FtM Double Incision FAQ
Do I Need General Anesthesia?
Yes-The DI procedure needs to be performed with the patient asleep.
How long does it take?
A typical Di takes around 1.5 to 2 hours. This includes the mastectomy, nipple grafts and chest liposuction.
What is the chance of infection?
I typically give my patients antibiotics on the day of surgery. Post operative infections are rare and are typically related to the dissolving sutures which can sometimes irritate the skin. Please be aware that smoking is the number one reason for post-operative infections and healing problems. I thus require my patients to STOP SMOKING at least 3 months prior to top surgery procedures.
Are there bleeding risks?
During the surgery, local anesthetic is injected into the tissue using a tumescent technique-this blocks the sensation and also constricts blood vessels. As a result, there is very little bleeding during the surgery. I have NEVER had a patient have a severe bleeding complication post-op, but it is not impossible and a return trip to the OR may be necessary. No one has ever needed a blood transfusion for this procedure. Sometimes a patient will get a little bit of bleeding in the chest and not know it because of all of the dressings. This is called a hematoma and can be addressed under local in my clinic without a return to the OR.
Will my DI scars meet in the middle?
The shape of the scars and whether they meet in the middle is dependent on your pre-existing anatomy. If the breast tissue meets in the middle or is very close then probably the scars will meet as well. Over time as the scars fade this is not very visible.
Will I lose my nipple grafts?
I have performed literally thousands of DIs and nipple grafts and find that the grafts almost always do well. Sometimes there is some scabby or delayed healing but over time the results end up the same. Patients with darker skin can have some de-pigmentation of the grafts which will fill in over time. Sometimes there remain de-pigmented spots, and I recommend tattooing. Occasionally small hair follicles cause cysts under the grafts which can be annoying but are not dangerous. This is almost always self-limiting and will resolve with warm soaks and antibiotic ointment. Because the nipples are completely removed from the body, by necessity nerves are cut and this will permanently alter the sensation and erectile capacity of the nipples.
What is the recovery?
These are fairly well tolerated operations. Pain that may require narcotic pain medicine typically lasts 3-4 days. After that, ibuprofen (Motrin and Advil) is sufficient. I recommend that patients take at least 1 week off from work or school and driving. The post-op care involves a compression vest for 2 weeks and scar massage after that. No heavy lifting is allowed for 8 weeks Most of the swelling and all of the buried stitches have disappeared by 3-4 months.

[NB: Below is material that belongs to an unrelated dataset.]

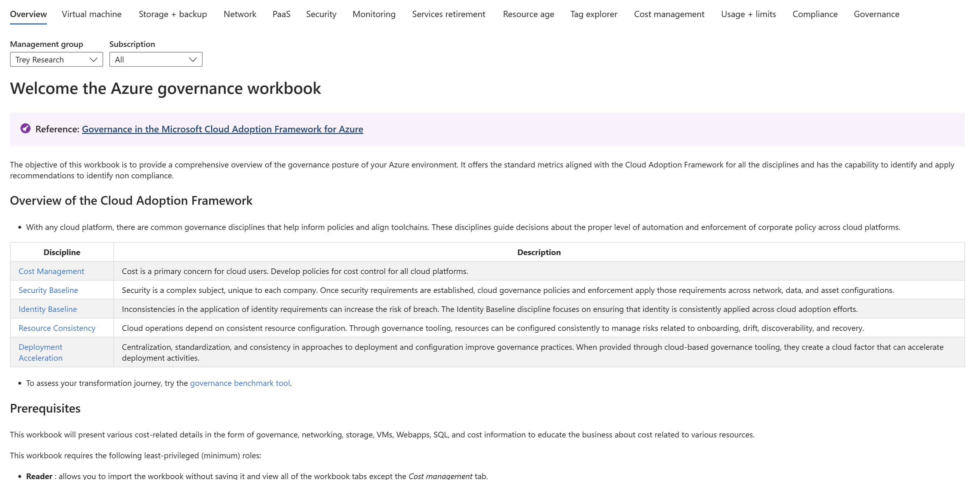 The governance workbook is an Azure Monitor workbook that provides a comprehensive overview of the governance posture of your Azure environment. It includes the standard metrics aligned with the Cloud Adoption Framework for all disciplines and has the capability to identify and apply recommendations to address noncompliant resources.

When can I resume my normal activity?
I recommend that patients refrain from exercise for at least 3 weeks after surgery. Even after 3 weeks, the incisions may be sensitive and patients need to use caution. Full activity including heavy lifting can not resume until the patient is 2 months out from surgery.
When will I be completely healed?
Some of the deep sutures under the skin can take up to three months to completely dissolve. For this reason, some patients may report sensitivity issues such as itching for up to three months post-op. Nipple and chest sensation may always be a little numb. Typically my patients have resumed full activity by 2-3 months. The final result including fading of the top surgery scars can take up to 1 year.

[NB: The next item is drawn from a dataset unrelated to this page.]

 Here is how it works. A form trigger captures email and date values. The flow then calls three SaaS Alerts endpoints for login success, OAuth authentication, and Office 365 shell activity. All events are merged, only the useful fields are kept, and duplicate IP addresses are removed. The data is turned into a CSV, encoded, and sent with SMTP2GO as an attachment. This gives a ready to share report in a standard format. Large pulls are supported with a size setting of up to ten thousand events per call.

Can other procedures be performed at the same time as Top Surgery?
Yes – I frequently perform multiple procedures on top surgery patients. Liposuction and tummy tucks are the most common simultaneous surgeries.
What does it cost?
The cost of top surgery varies based on:
- Surgical technique required (peri-areolar vs. DI)
- Duration of the procedure
When you consult with Dr. Medalie he will explain your options and e-mail you a comprehensive price quote the same day that includes the top surgery, the anesthesia and the facility costs. A typical DI costs around $ 8000-9000 depending on the size of the patient.